The French Presidential election is two years off, but if new opinion polls hold there might be a disturbing shift in the electorate’s tastes. It shows the leader of the ultra-right National Front (FN) Marine LePen would come in first place.
“If the first ballot would take place today,” the magazine wrote said that LePen “would gather between 29 and 31 percent of the votes, depending on the adversaries”.
The survey is published in Thursday’s edition of the magazine Marianne. It pitted Le Pen against French President Francois Hollande, and former President Nicolas Sarkozy as well as some minor candidates – and despite a minor resurgence in popularity, Sarkozy would come in second if the elections took place today. President Hollande of the Socialist Party wouldn’t even make it to the second round.

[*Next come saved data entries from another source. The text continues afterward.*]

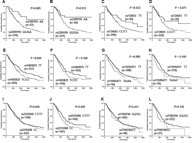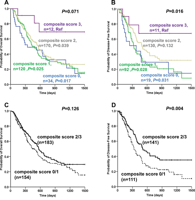 A DNMT3A combined genotype score model was created by figuring up the genotyped data of multi-SNPs. Score 1 indicated favorable genotype(s) (i.e. rs11695471 TT genotype, or rs734693 CC genotype, or rs2276598 CT/TT genotype for chemosensitivity; rs2289195 AA genotype, or rs11695471 TT genotype, or rs2276598 CT/TT genotype for prognosis) and score 0 indicated unfavorable genotype(s) (i.e. rs11695471 TA/AA genotype, or rs734693 CT/TT genotype, or rs2276598 CC genotype for chemosensitivity; rs2289195 GG/GA genotype, or rs11695471 TA/AA genotype, or rs2276598 CC genotype for prognosis). After adding up the score of every SNP, four score groups were generated: composite score 0, composite score 1, composite score 2 and composite score 3. And then another two chemosensitivity groups were defined: the relatively unfavorable response group (composite score 0) and the relatively favorable response group (including composite score 1, composite score 2 and composite score 3). Two prognosis groups were also defined: the relatively unfavorable prognosis group (including composite score 0 and composite score 1) and the relatively favorable prognosis group (including composite score 2 and composite score 3).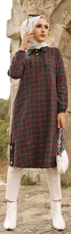 Tunique longue à rayures (Tenue hijab) - Couleur anthracite et rouge - REF. 35176 (24.90 €)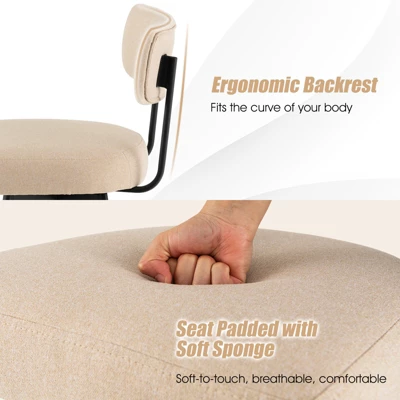 - Ergonomic Upholstered Seat: Featuring a seat padded with soft sponges and covered with breathable fabric, the barstool provides great comfort while sitting. The ergonomic backrest fits the curve of your body. Besides, the comfortable footrests allow you to fully relax your feet.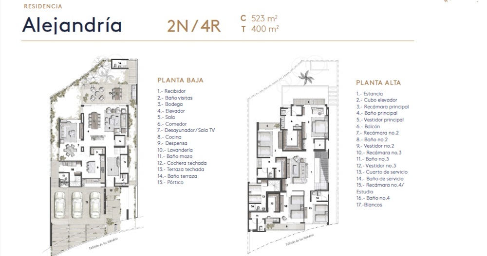 PLANTA BAJA: Recibidor, Cocina, Despensa, Desayunador / Sala TV, Comedor, Sala, Baño visitas, Cubo elevador, Biblioteca / Sala TV, Lavandería, Patio de servicio, Terraza con baño, Jardín, Pórtico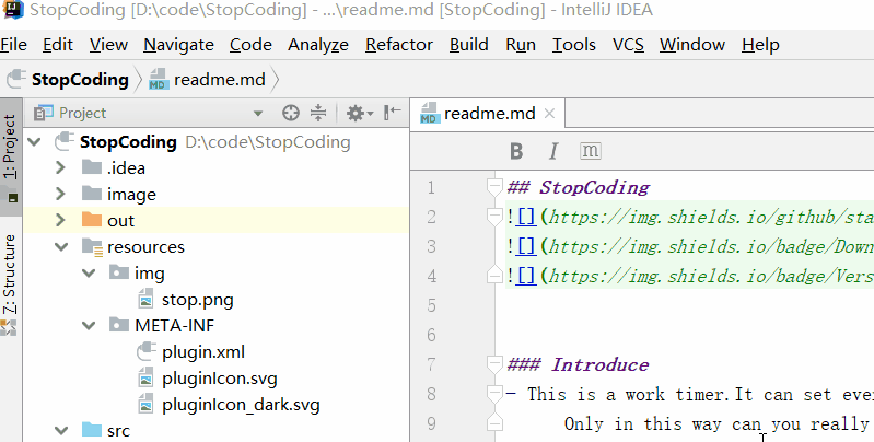 最近我在 IDEA 插件发现了一个有趣的项目 StopCoding 停止代码编写,思路十分的简单。今天,我就借助这个项目及 EOS 插件的相关开发经验,为大家介绍下 IDEA 插件开发的相关操作。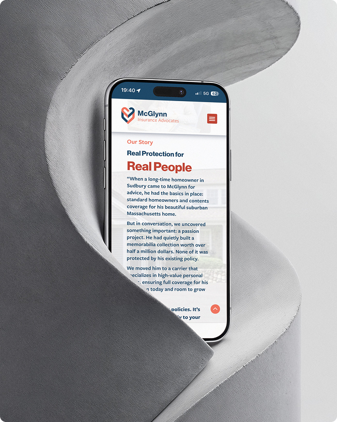 With over a century of service, McGlynn Insurance Advocates has built a reputation rooted in care, reliability, and deep industry knowledge. When they approached me, their goal was clear, to bring this legacy into the 21st century with a modern, refined brand identity that honored their history while positioning them as a forward-thinking leader in insurance services.
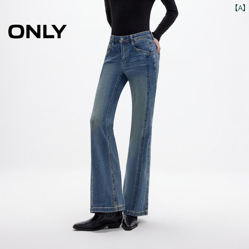 レディース ジーンズ おしゃれ 2025春の廃墟風の加工古着風のデニムホワイトデニムのフレアパンツ女性用|125132004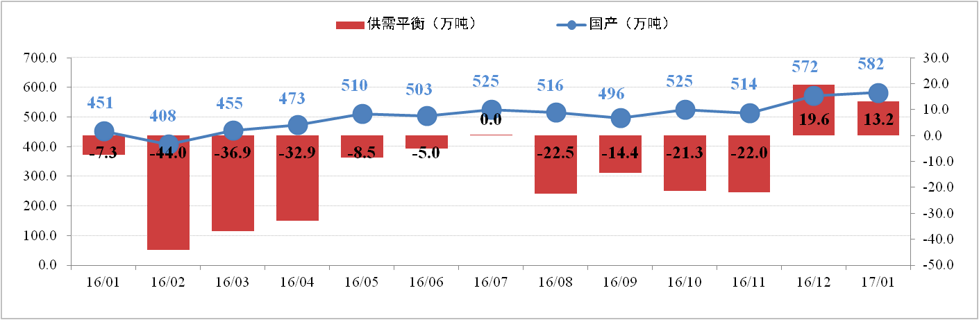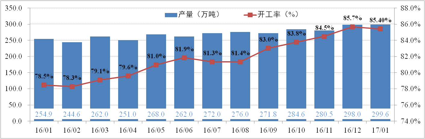 供给方面:2月10日,全国电解铝有效产能为4,226.6万吨,运行产能37万37.5吨,开工率为88.42%。其中,1月份电解铝总产量为299.6万吨,供应持续增加。调研数据显示,2017年电解铝新产能已投产98.1万吨,预计年度最终实现588.5万吨;电解铝复产21.2万吨,预计年内最终实现152万吨。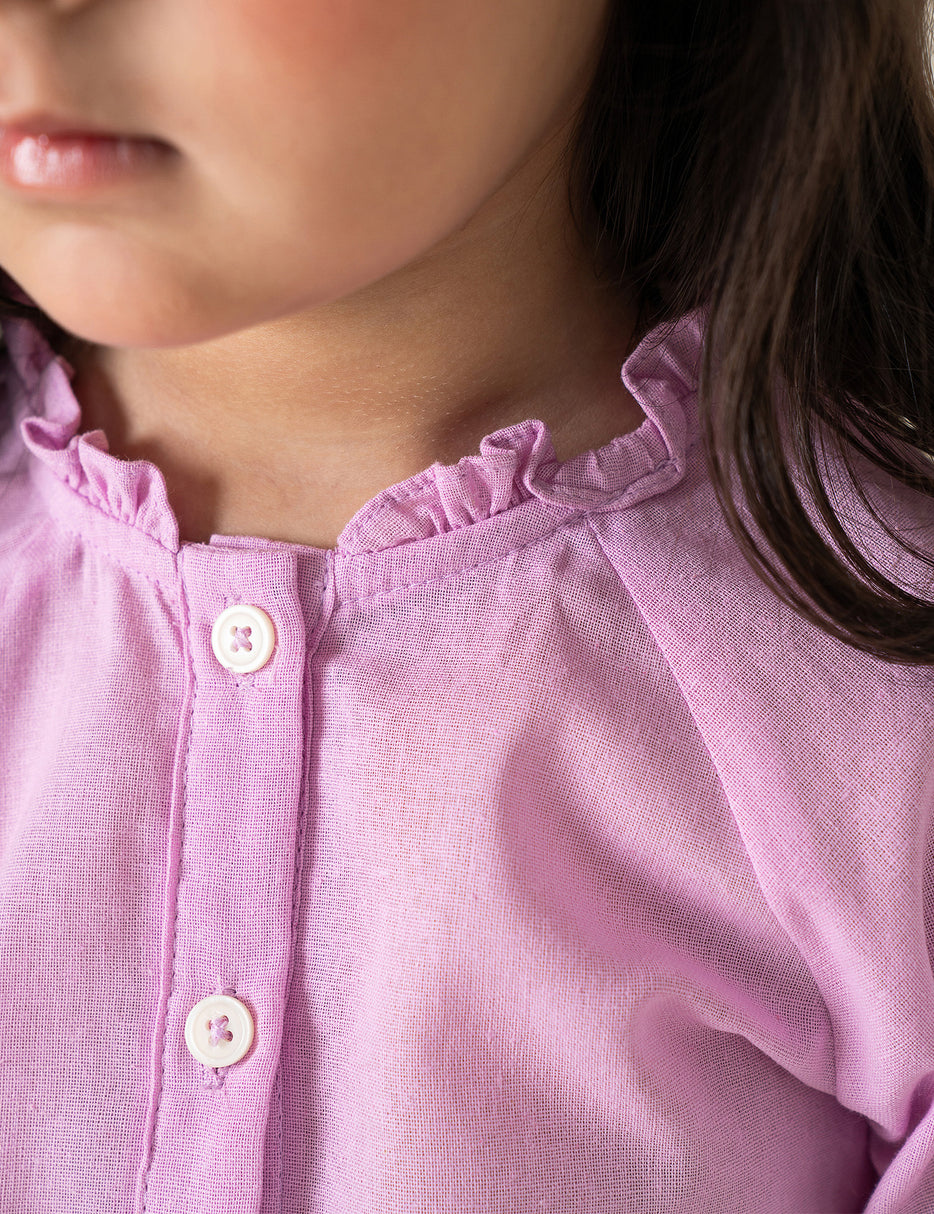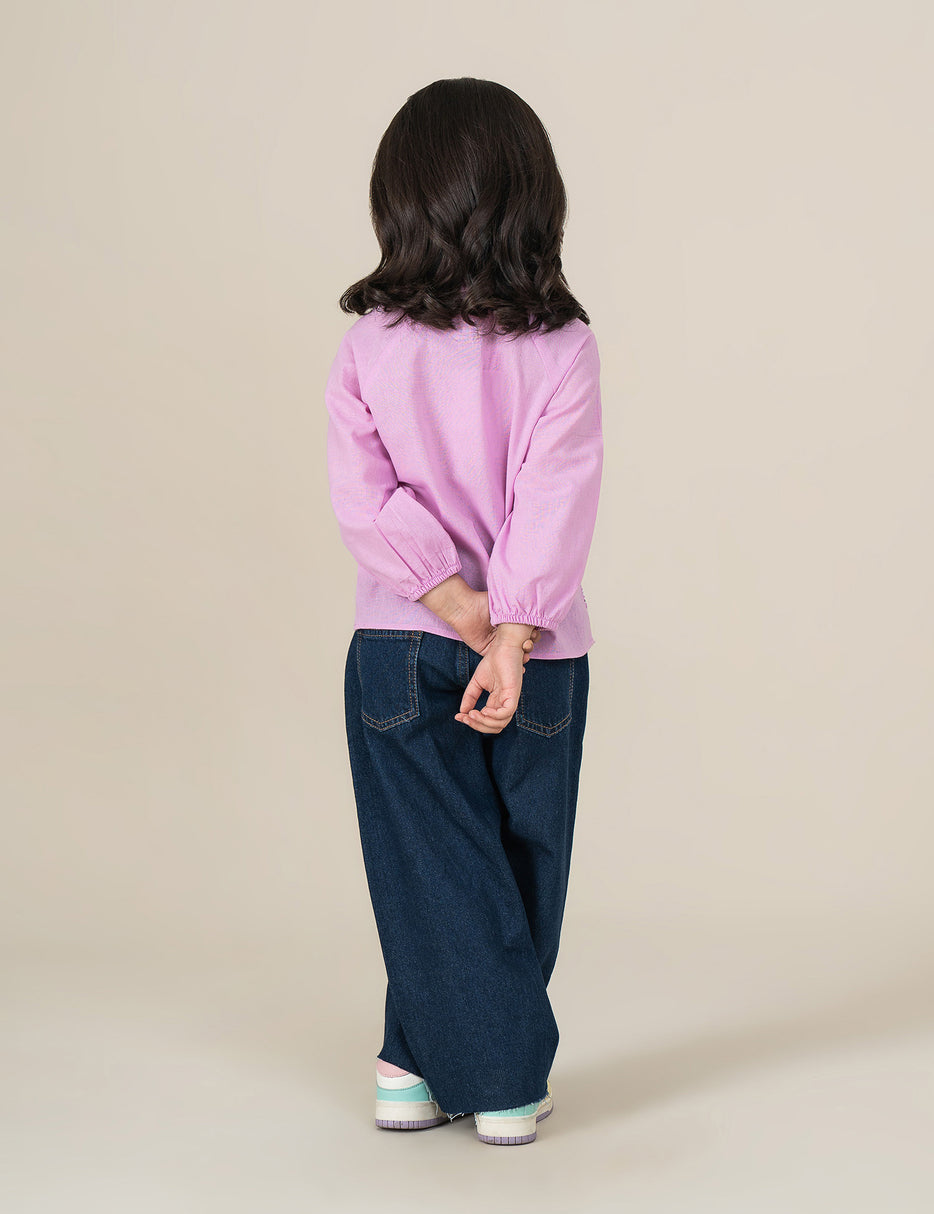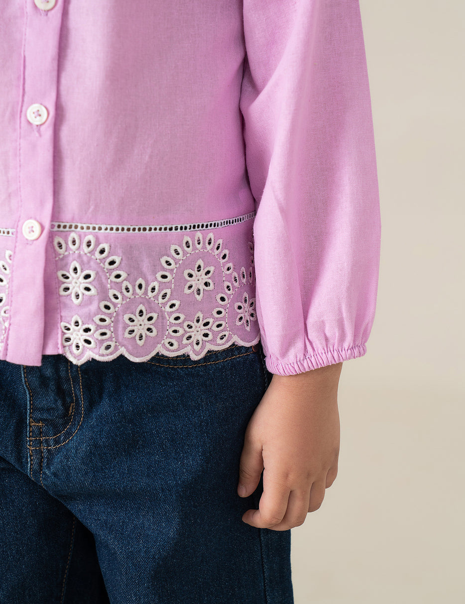 This charming pink top for little girls is perfect for any casual or special occasion. Crafted from soft, breathable cotton, it features delicate white floral lace embroidery along the hem for a sweet, feminine touch. The top includes full sleeves with elastic cuffs, button-down front, and a ruffled neckline that adds a dash of cuteness. Comfortable and stylish, it’s ideal for pairing with jeans, leggings, or skirts for an effortlessly pretty look.

It’s just one poll, but it comes in the wake of this month’s terror attacks in Paris that saw twelve people killed in the offices of the satirical magazine Charlie Hebdo, a police woman killed at a gas station, and four hostages killed in a siege at a kosher food store. The three terrorists responsible were also killed by police, and their connection is still under investigation.
LePen inherited leadership of the FN from her father, founder Jean-Marie LePen, and is credited with putting a more telegenic face on FN’s xenophobic and extremist policies. It has reportedly caused a family rift, but we’ll see if electoral success changes to that.